Mr STALEY (Chisholm) - We would all join with the honourable member for Casey (Mr Mathews) in desiring new uplands for Australian education. I think there is great agreement in this House and in the Australian community that the provision of extra funds for education which we have seen this year is a good thing. Many of us on this side of the House have been worried by the tendency over recent years for the States to be starved of funds for the fulfilment of their essential purposes and, of course, among the most crucial purposes of the States is education. So, I can only say that we would agree with the honourable member for Casey on that point.
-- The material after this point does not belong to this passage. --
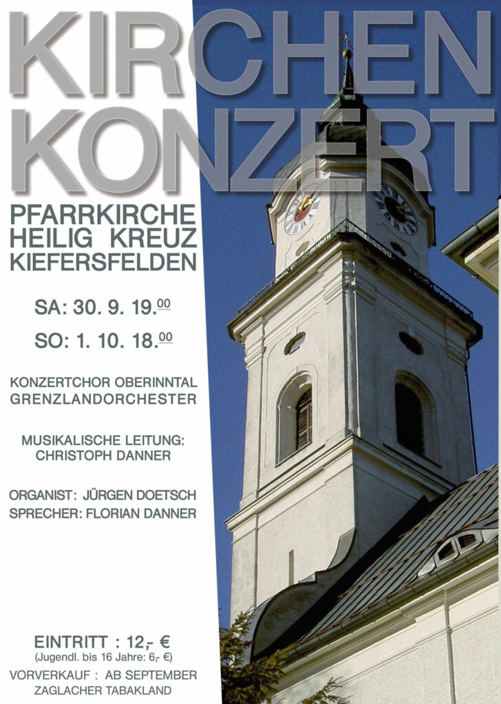 Nach den erfolgreichen Konzerten von 2016 und 2018 wird es in Kiefersfelden in diesem Herbst erfreulicherweise wieder ein Kirchenkonzert mit dem Konzertchor Oberinntal und dem Grenzlandorchester geben.

But we fear that signs are appearing that the Government's conception of the uplands of education should scare the living daylights out of a very large percentage of the Australian community and should scare the living daylights out of those who have regard for the higher values and for the non-material values in education.

Without in any way detracting from amounts of money and from many of the purposes of the Australian Schools Commission, I say that it is distinctly odd that this new and permanent proposed Australian Schools Commission makes no provision for non-material values and has no aspirations above financial and material values. It provides no guarantees and no formal structures of freedom in the educational processes of our community. It seems to me to be one of the major ironies of present politics in this country that one of those rare and splendid public men who are most concerned with nonmaterial values in the Australian community - I refer to the Minister for Education (Mr Beazley) - should be forced to preside over some - not all - education policies which in my judgment and the judgment of my colleagues threaten crucial non-material values in our community.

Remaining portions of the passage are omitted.